The total number of supertall buildings worldwide is now 170. The 530-m (1739-ft) Skidmore, Owings & Merrill LLP (SOM)-designed Tianjin CTF Finance Centre in Tianjin, China, was the tallest building completed this year.
Overall, the number of completed buildings of at least 200 m in 2019 declined by 13.7 percent (there were 146 in 2018). This is the first year in which the overall completion figure declined since the 2010 to 2011 gap, which was attributed to project cancellations during the 2008 recession. Due to the long lead times inherent to skyscraper construction, many of the projects completing this year were conceived and initiated five or more years ago, and thus reflect the development circumstances of a half-decade prior.

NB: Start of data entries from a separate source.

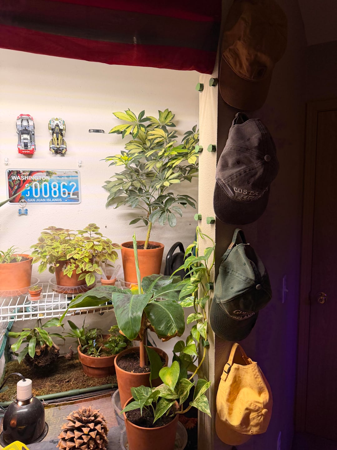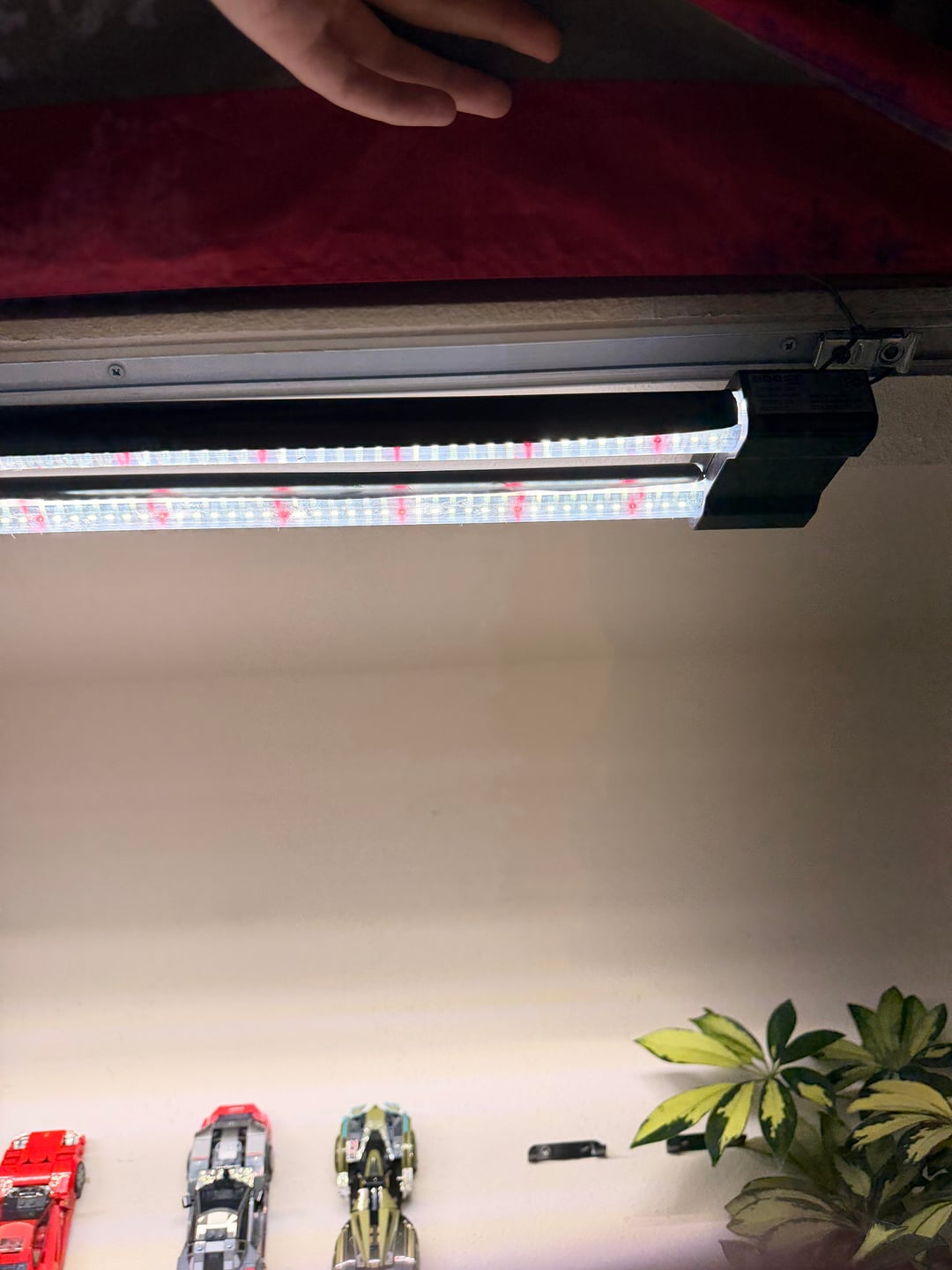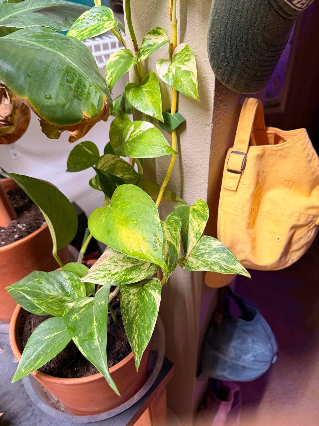 This is my plant setup I have a light above but my pothos has been just yellowing and dropping leaves towards the base but not directly on the base, you can kinda see the gap not sure why?? Watering or lighting issue?? Too much light maybe?
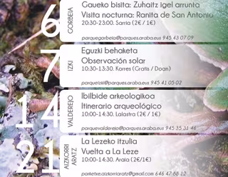 arqueológicos más destacados de Valderejo, mediante un itinerario de 13 kilómetros guiado por expertos de 'Ondare Babesa' (día 14). Además, se visitarán los rincones más singulares de Aizkorri-Aratz, con un paseo guiado por La Leze, que partirá del parketxe en Araia y pasará por el monte Olano, el collado de Artzanegi y los encinares que descienden hasta la cueva (día 21 de abril).
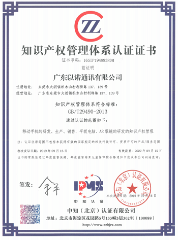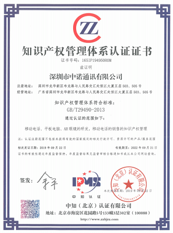 2019年9月,福日電子成員企業深圳市中諾通訊有限公司、廣東以諾通訊有限公司先後通過知識產權管理體係認證,進一步推進公司知識產權管理工作規範化、係統化、科學化,提升企業核心競爭力。

However, 2019 was a significant year for some areas that did not already have an abundance of tall buildings, and in some cases, had never been on the 200-m-plus list before.
The African continent and the nation of Algeria got a new tallest building: the Great Mosque of Algiers (265 m [869 ft]), and on the opposite end of Africa, the Leonardo (227 m [745 ft]) in Johannesburg, South Africa, became that nation’s new tallest building, and the second-tallest building on the continent.
Europe also gained a new tallest building—the Lakhta Center (462 m [1516 ft]) in St. Petersburg, Russia, and Brazil completed the Infinity Coast Tower (235 m [771 m]), which is the country’s first building to exceed 200 m, despite being a nation of many tall buildings.